» To do:
Exactly as they appear, transcribe the entries and skip any pictures.

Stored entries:
----

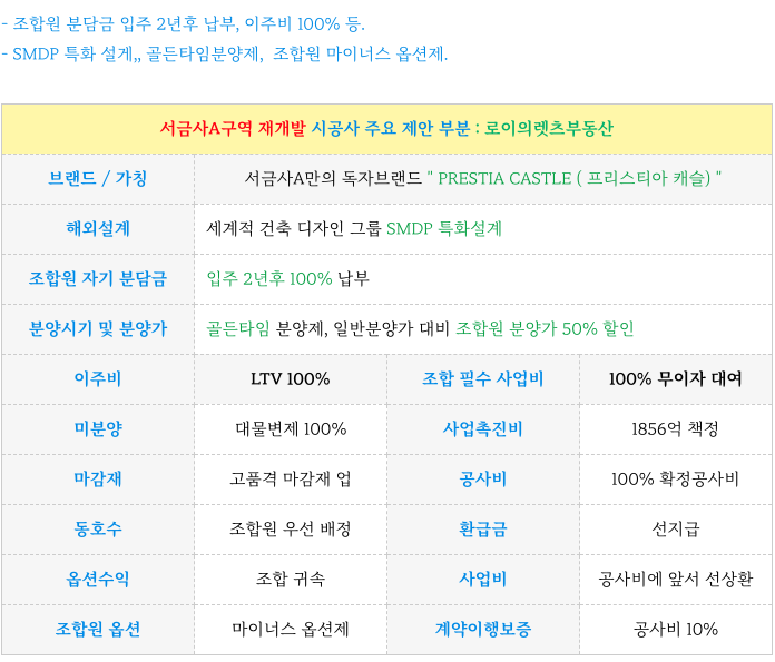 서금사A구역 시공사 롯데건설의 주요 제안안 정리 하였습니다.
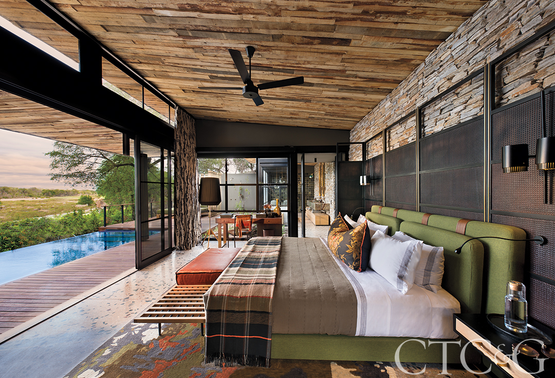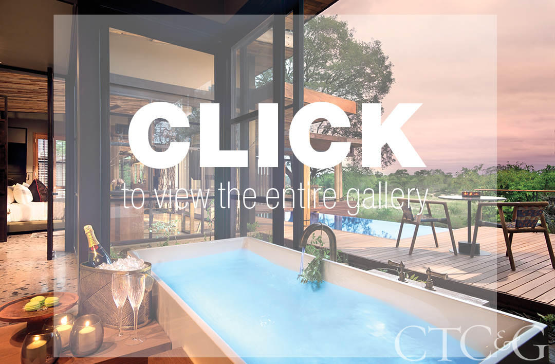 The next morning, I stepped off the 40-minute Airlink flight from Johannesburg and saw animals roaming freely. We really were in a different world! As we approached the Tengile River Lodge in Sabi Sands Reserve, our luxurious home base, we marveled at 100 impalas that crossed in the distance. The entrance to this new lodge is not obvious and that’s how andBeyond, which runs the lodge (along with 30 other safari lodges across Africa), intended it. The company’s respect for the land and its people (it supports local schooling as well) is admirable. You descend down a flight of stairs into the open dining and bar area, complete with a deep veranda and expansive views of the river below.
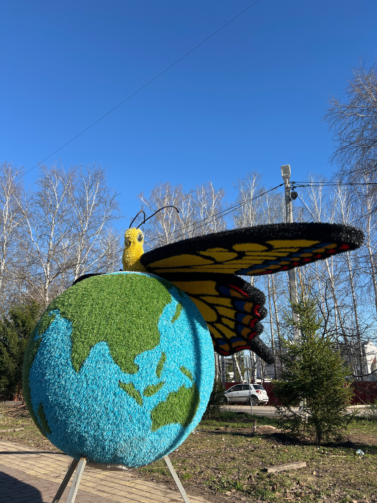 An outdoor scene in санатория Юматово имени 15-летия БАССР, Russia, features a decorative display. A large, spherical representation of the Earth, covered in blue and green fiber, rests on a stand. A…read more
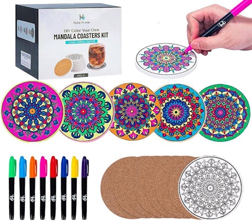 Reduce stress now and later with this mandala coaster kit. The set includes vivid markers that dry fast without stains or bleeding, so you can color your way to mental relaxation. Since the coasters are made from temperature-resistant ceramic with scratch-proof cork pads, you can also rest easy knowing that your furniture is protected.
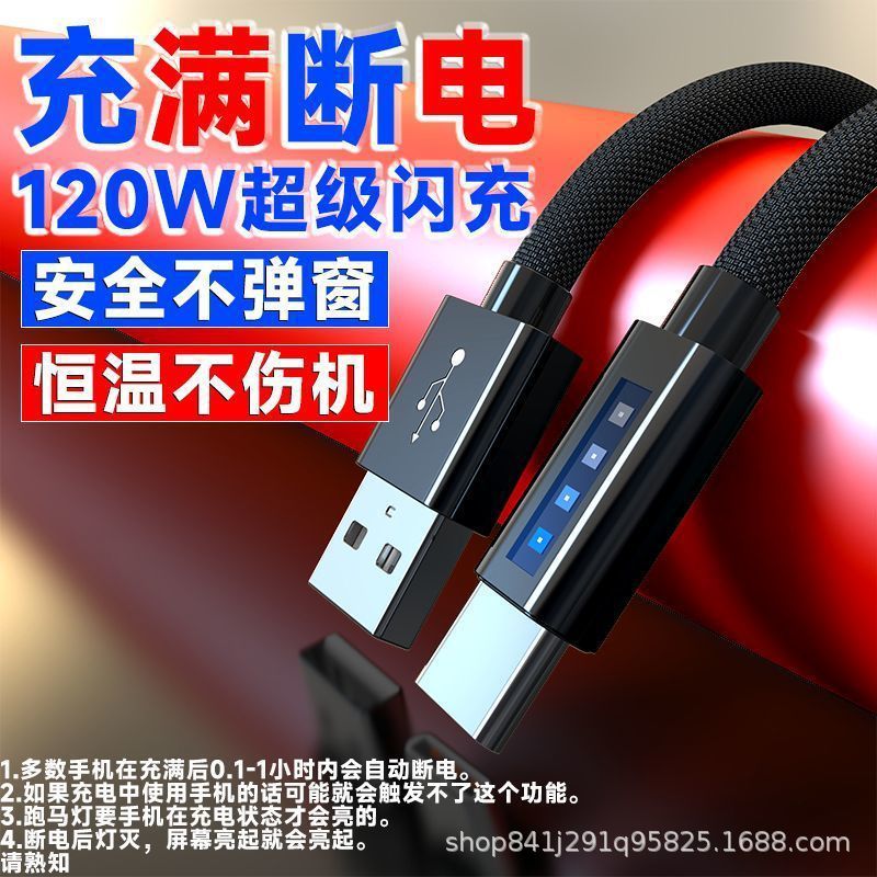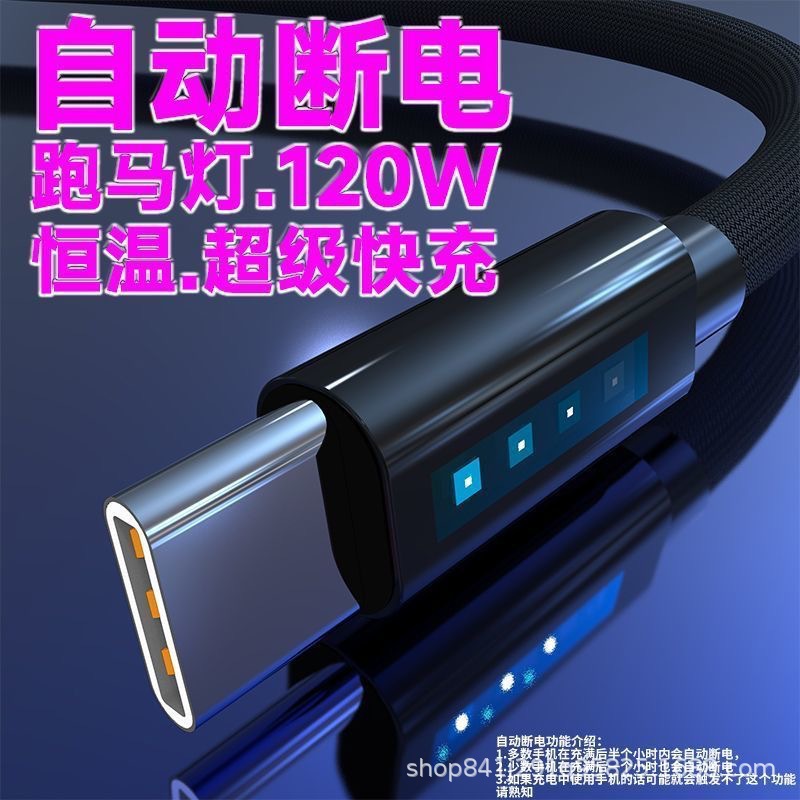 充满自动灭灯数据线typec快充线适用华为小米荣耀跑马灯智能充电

----

» The completed task:
 서금사A구역 시공사 롯데건설의 주요 제안안 정리 하였습니다.
 The next morning, I stepped off the 40-minute Airlink flight from Johannesburg and saw animals roaming freely. We really were in a different world! As we approached the Tengile River Lodge in Sabi Sands Reserve, our luxurious home base, we marveled at 100 impalas that crossed in the distance. The entrance to this new lodge is not obvious and that’s how andBeyond, which runs the lodge (along with 30 other safari lodges across Africa), intended it. The company’s respect for the land and its people (it supports local schooling as well) is admirable. You descend down a flight of stairs into the open dining and bar area, complete with a deep veranda and expansive views of the river below.
 An outdoor scene in санатория Юматово имени 15-летия БАССР, Russia, features a decorative display. A large, spherical representation of the Earth, covered in blue and green fiber, rests on a stand. A…read more
 Reduce stress now and later with this mandala coaster kit. The set includes vivid markers that dry fast without stains or bleeding, so you can color your way to mental relaxation. Since the coasters are made from temperature-resistant ceramic with scratch-proof cork pads, you can also rest easy knowing that your furniture is protected.
 充满自动灭灯数据线typec快充线适用华为小米荣耀跑马灯智能充电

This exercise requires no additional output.